Слово повисло между нами, тяжёлое, неудобное, как булыжник посреди гостиной.
— В свободе, — повторила она, и губы её дрогнули. — Тебе не хватает свободы? От чего? От меня?
В её голосе я услышал боль, и это заставило меня поморщиться. Нет, не так я хотел начать этот разговор. Не с обвинений, не с ран.
— Не от тебя, — сказал я мягче. — От... от этой жизни. От рутины. От ощущения, что я старик, которому нельзя ничего, кроме как сидеть у телевизора и ждать смерти.
— Кто тебе такое сказал? — Её голос стал выше. — Разве я когда-нибудь говорила, что ты старик? Разве я запрещаю тебе что-то делать?
— Напрямую — нет, — ответил я, чувствуя, как трудно подбирать слова. — Но каждый раз, когда я хочу сделать что-то... что-то нестандартное, ты находишь причины, почему этого делать не стоит. И я уступаю. Всегда уступаю.
Она молчала, глядя на меня так, словно видела впервые. Потом медленно покачала головой.
— Я забочусь о тебе, — сказала она тихо. — Только и всего. Если тебе кажется, что я... что я тебя контролирую, то ты глубоко ошибаешься.
Что-то в её тоне заставило меня вскинуть голову. Обида? Гнев? Нет, страх. Она боялась. Но чего?
— Я люблю тебя, — продолжала она, и голос её стал дрожать. — Тридцать лет люблю. И все эти годы только и думаю о том, как сделать тебя счастливым. А ты говоришь... такое.
Она встала и вышла из кухни, оставив меня наедине с остывающими блинами и чувством вины, которое росло внутри, как снежный ком. Я сидел, не двигаясь, не зная, что делать дальше. Пойти за ней? Извиниться? Продолжить разговор? Или забыть, как забывал всегда, проглотить обиду, смириться, чтобы сохранить мир в доме?
И внезапно я понял, что больше не могу. Не могу забыть. Не могу смириться. Не могу продолжать жить так, словно во мне что-то умерло.
Я нашёл её в спальне. Она сидела на краю кровати, спина прямая, руки сложены на коленях. Глаза сухие, но лицо бледное, словно выцветшее.
— Прости, — сказал я, садясь рядом, но не касаясь её. — Я не хотел тебя обидеть.
— Ты не обидел, — ответила она, глядя куда-то мимо меня. — Ты сказал правду. Свою правду.
Она помолчала, потом повернулась ко мне, и я увидел в её глазах что-то новое — не обычную уверенность хозяйки дома, а странную смесь страха и решимости.
— Знаешь, почему я не хочу, чтобы ты ходил в эту баню? — спросила она. — Не потому, что Машенька приезжает. И не потому, что ты можешь простудиться. А потому что... — Она запнулась, словно не решаясь сказать дальше.
— Почему? — тихо спросил я.
— Потому что боюсь, — выдохнула она. — Боюсь, что ты уйдёшь и... не вернёшься.
— Не вернусь? — Я недоуменно покачал головой. — Ты думаешь, я могу заблудиться по дороге из бани?

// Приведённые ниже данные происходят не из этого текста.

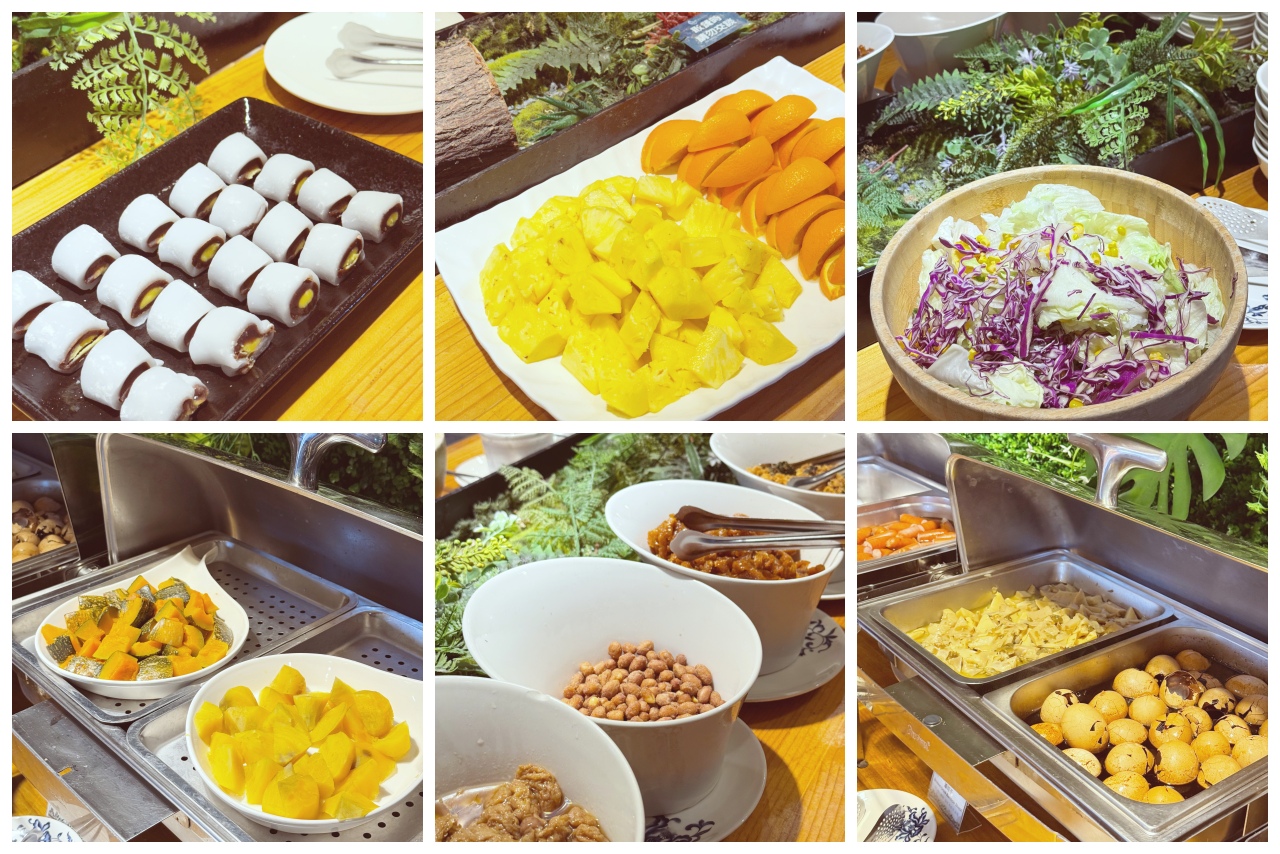 早餐時段07:30-09:30,平常出門度假都睡到自然醒的我,為了早餐7點就起床洗漱,睡眼惺忪的走到餐廳,7點半工作人員準時開門迎接旅客。餐點提供中西式選擇多樣化,加上配色也很用心,一看就開胃。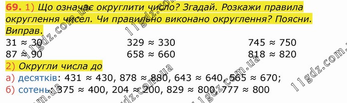 1) Що означає округлити число? Згадай. Розкажи правила округлення чисел. Чи правильно виконано округлення? Поясни. Виправ. 31 ≈ 30 87 ≈ 90 329 ≈ 330 658 ≈ 660 745 ≈ 750 818 ≈ 820 2) Округли числа до а) десятків: 431 ≈ 430, 878 ≈ 880, 643 ≈ 640, 565 ≈ 670; б) сотень: 375 ≈ 400, 204 ≈ 200, 829 ≈ 800, 777 ≈ 800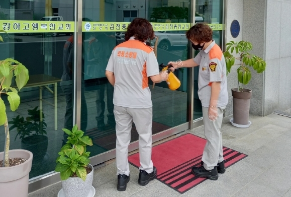 방역 활동에는 최옥순 김천여성의용소방대장을 포함한 의용소방대원 15여명이 사회적 거리두기를 준수해 2인 1조로 참여했다.

— Не в этом смысле, — она слабо улыбнулась. — Боюсь, что ты... встретишь кого-то. Или просто поймёшь, что тебе лучше без меня. Что ты можешь быть свободнее, счастливее... где-то ещё.
Я смотрел на неё, не веря своим ушам. Тридцать лет вместе, и она боится, что я уйду? Из-за похода в баню с друзьями?
— Это... это абсурд, — сказал я наконец. — Чистый абсурд.
— Для тебя — да, — кивнула она. — А для меня... Ты не знаешь, каково это — любить кого-то так сильно, что боишься каждого его шага в сторону. Каждого взгляда. Каждого слова.
— И поэтому ты держишь меня на привязи? — вырвалось у меня. — Поэтому превращаешь мою жизнь в... в клетку?
— Я не хотела, — прошептала она, и первая слеза скатилась по её щеке. — Я просто... боялась потерять тебя.
И вдруг я понял. Понял то, чего не замечал все эти годы. Её контроль, её постоянная забота, её страх за меня — всё это было лишь оборотной стороной любви. Любви отчаянной, болезненной, искажённой страхом. Она превратила нашу жизнь в тюрьму не потому, что хотела власти, а потому что боялась остаться одна.
— Ты не потеряешь меня, — сказал я, осторожно беря её за руку. — Ни сейчас, ни через двадцать лет. Но я должен... мы должны научиться жить иначе. Не в страхе. Не в этих невидимых цепях.
В пятницу я сидел в предбаннике, слушая, как Петрович рассказывает очередную историю о своём начальнике. Пар поднимался от деревянных стен, запах берёзовых веников смешивался с запахом пива. Мужской смех, анекдоты, разговоры о политике и футболе — всё, как я и ожидал.
Но странное дело — радости я не чувствовал. Только какую-то тихую грусть и... беспокойство? Да, пожалуй, именно беспокойство. Словно я забыл что-то важное, что-то необходимое.
— Эй, Иваныч, ты чего такой задумчивый? — окликнул меня Сергей, самый молодой из нашей компании. — О жене, что ли, думаешь? Боишься, что без тебя скучает?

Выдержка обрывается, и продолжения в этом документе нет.